• **Action item**
In the listing below, start your output at the line with "Eksploruj świat MODU!" and end it after the line with "هُوَ سنة مُؤَكدَة", copying every line exactly.

** Opening The input block **

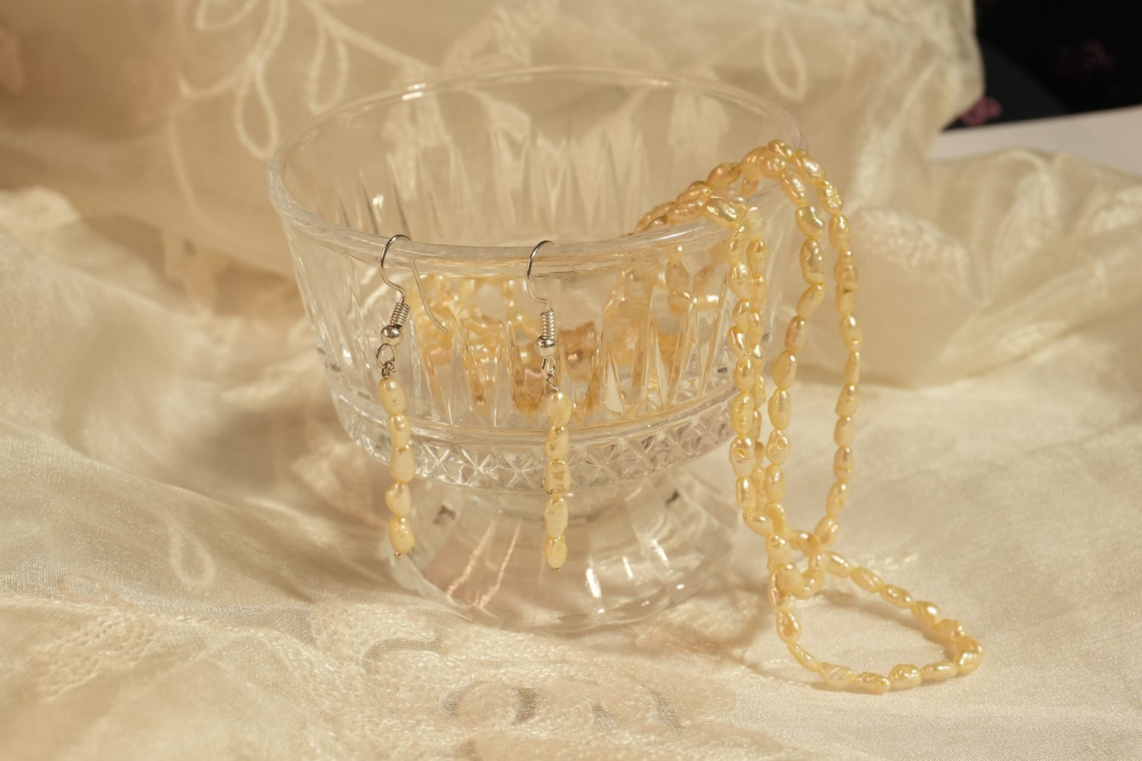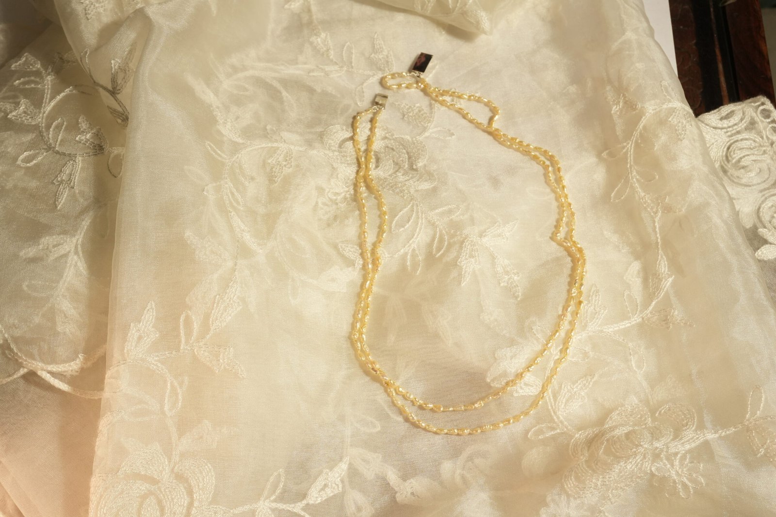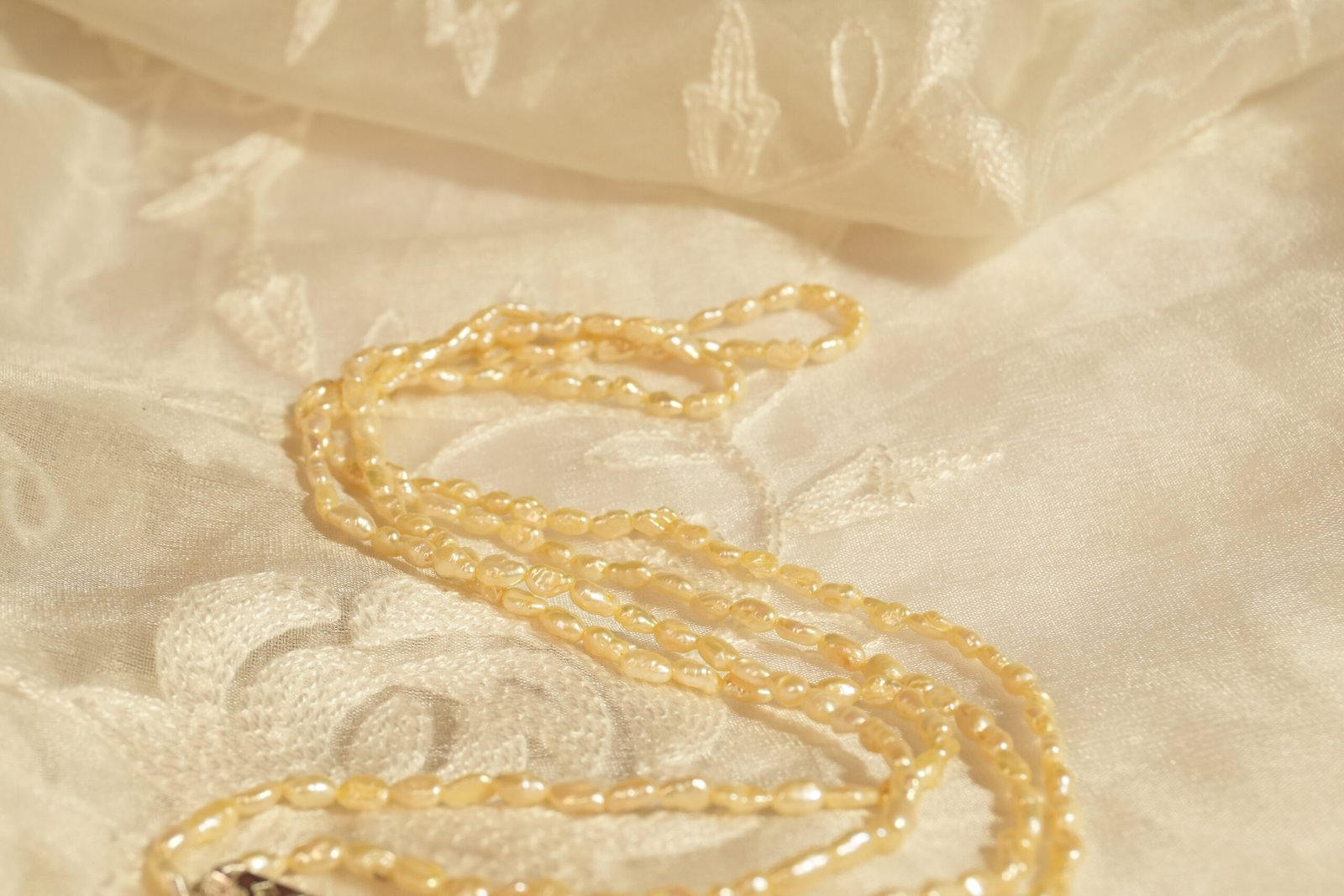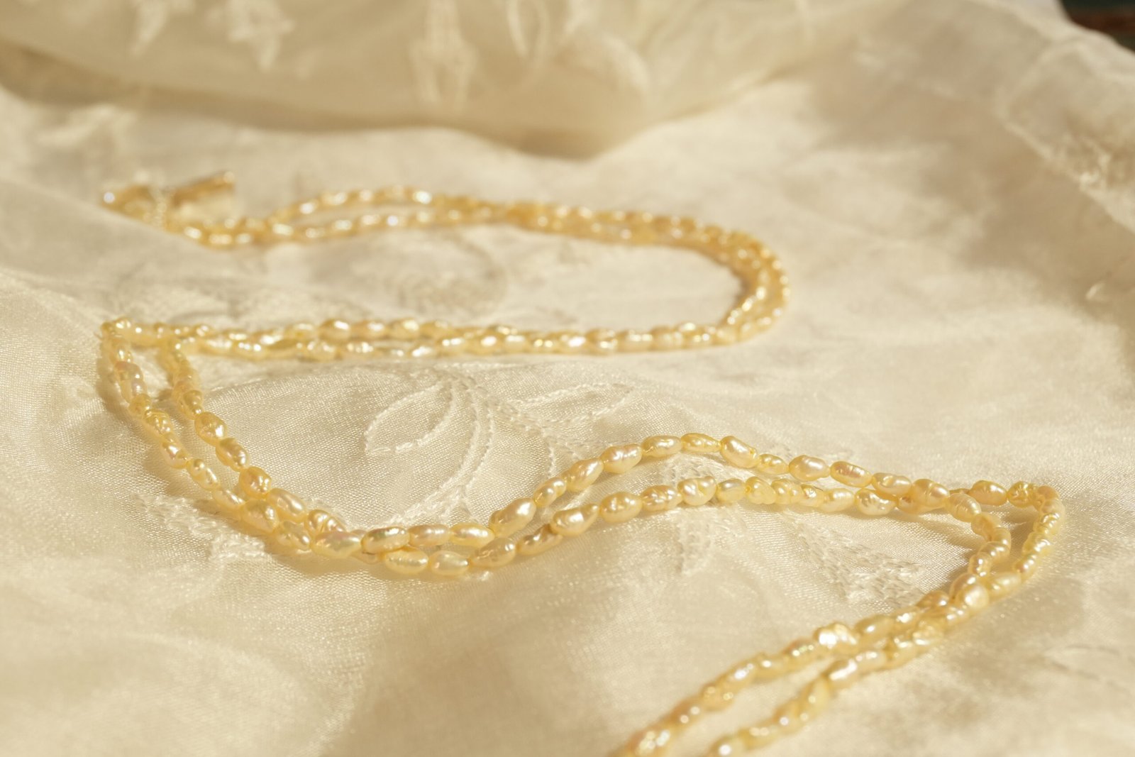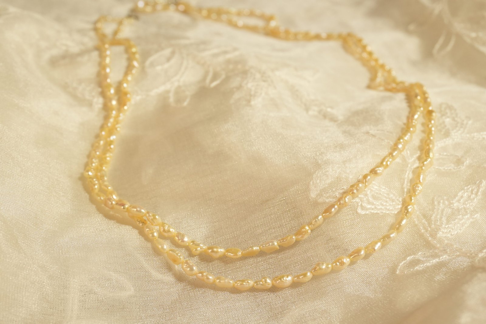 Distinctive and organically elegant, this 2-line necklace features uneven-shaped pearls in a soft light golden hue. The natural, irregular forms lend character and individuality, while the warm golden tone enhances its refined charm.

** Closing The input block **
** Opening The input block **

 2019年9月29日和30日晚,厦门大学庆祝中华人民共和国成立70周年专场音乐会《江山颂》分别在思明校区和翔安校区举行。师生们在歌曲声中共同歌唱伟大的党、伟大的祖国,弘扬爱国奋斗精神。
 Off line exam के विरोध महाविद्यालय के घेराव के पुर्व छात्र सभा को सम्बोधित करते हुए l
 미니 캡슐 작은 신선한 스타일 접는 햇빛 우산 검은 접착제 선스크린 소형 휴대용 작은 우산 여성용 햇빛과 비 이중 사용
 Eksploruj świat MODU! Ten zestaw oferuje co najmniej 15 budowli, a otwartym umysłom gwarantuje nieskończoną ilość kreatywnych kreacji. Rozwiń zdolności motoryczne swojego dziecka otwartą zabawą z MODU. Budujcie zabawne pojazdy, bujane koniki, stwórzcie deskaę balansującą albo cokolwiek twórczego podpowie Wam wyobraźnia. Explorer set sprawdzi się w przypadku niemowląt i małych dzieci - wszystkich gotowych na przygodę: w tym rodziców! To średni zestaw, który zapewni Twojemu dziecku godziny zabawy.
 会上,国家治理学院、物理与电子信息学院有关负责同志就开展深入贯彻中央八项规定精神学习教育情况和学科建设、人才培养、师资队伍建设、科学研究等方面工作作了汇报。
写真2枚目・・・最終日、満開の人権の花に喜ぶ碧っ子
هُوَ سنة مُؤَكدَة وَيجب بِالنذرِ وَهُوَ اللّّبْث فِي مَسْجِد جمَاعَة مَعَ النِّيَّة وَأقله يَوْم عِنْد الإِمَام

** Closing The input block **

• **Solution to the problem**
 Eksploruj świat MODU! Ten zestaw oferuje co najmniej 15 budowli, a otwartym umysłom gwarantuje nieskończoną ilość kreatywnych kreacji. Rozwiń zdolności motoryczne swojego dziecka otwartą zabawą z MODU. Budujcie zabawne pojazdy, bujane koniki, stwórzcie deskaę balansującą albo cokolwiek twórczego podpowie Wam wyobraźnia. Explorer set sprawdzi się w przypadku niemowląt i małych dzieci - wszystkich gotowych na przygodę: w tym rodziców! To średni zestaw, który zapewni Twojemu dziecku godziny zabawy.
 会上,国家治理学院、物理与电子信息学院有关负责同志就开展深入贯彻中央八项规定精神学习教育情况和学科建设、人才培养、师资队伍建设、科学研究等方面工作作了汇报。
写真2枚目・・・最終日、満開の人権の花に喜ぶ碧っ子
هُوَ سنة مُؤَكدَة وَيجب بِالنذرِ وَهُوَ اللّّبْث فِي مَسْجِد جمَاعَة مَعَ النِّيَّة وَأقله يَوْم عِنْد الإِمَام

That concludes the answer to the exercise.